The owners of the empty house that Arbery was accused of robbing balk at moving in, horrified by the ghastly events of that February day; right across the street, a home is defiantly adorned with a “Don’t Tread On Me” flag, commonly flown by far-right extremists. The Brunswick judicial system is slowly being filled by Black officials, hopefully, to provide less corrupt, more representative service to Brunswick inhabitants; at the same time, Black folks in the region live in more severe poverty than their white neighbors by a large margin. In Brunswick, it seems that for every mind opened by Arbery’s death, for every slight uptick in terms of accountability and justice, there are people still entrenched in the historic racism of the community, disparities that seem impossible to overcome. And perhaps the most haunting consequence of the event: Arbery’s mother, Wanda Cooper-Jones, now lives with such profound grief that she can no longer bear to reside in the home that she and Arbery once shared, that he jogged away from that fateful morning.

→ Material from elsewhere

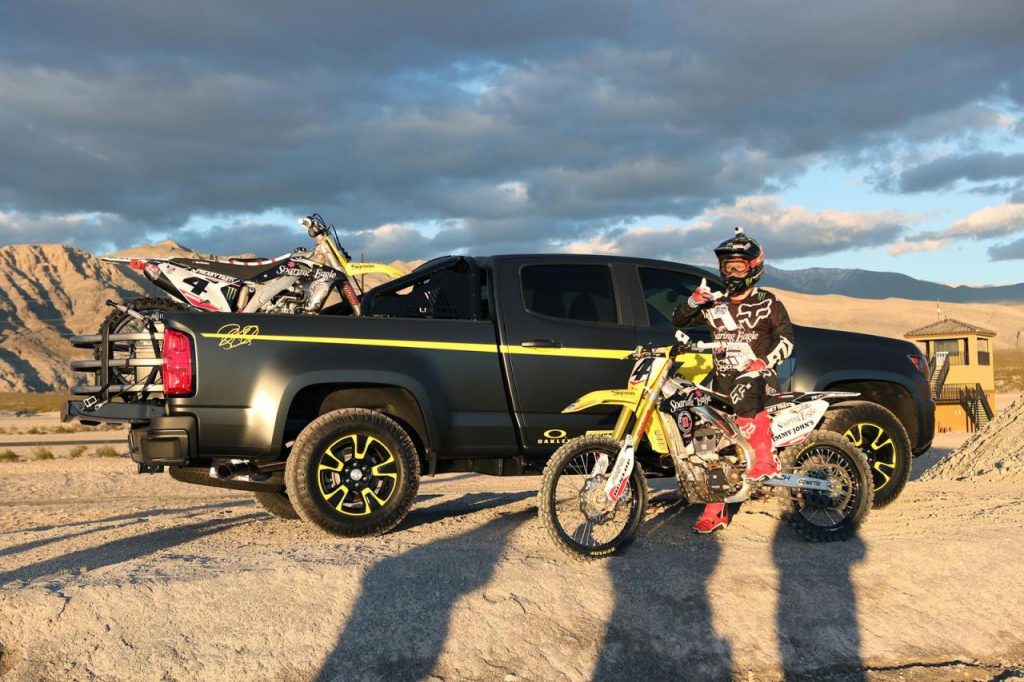 Animé par le V6 3.6 l de 305 ch, ce Chevrolet Colorado Performance Concept adopte une livrée de carrosserie gris mat qui se marie avec des pointes de jaune et de gris argenté. On note aussi un graphique avec la signature du pilote américain de motocross.

For many in the community, it is difficult to be too grateful for the repeal of the citizens’ arrest laws or the indictment of Jackie Johnson when the trade-off was an innocent Black man dying alone in the street. As Ms. Cooper-Jones said, “I think the state of Georgia is moving in the right direction…Unfortunately, I had to lose my son to get significant change.” The political and social landscape of Brunswick might be slowly shifting towards racial equity and advancement, but Ahmaud Arbery is never coming back—nor are the many Black people who, due to both systemic and interpersonal racism, are still dying every day.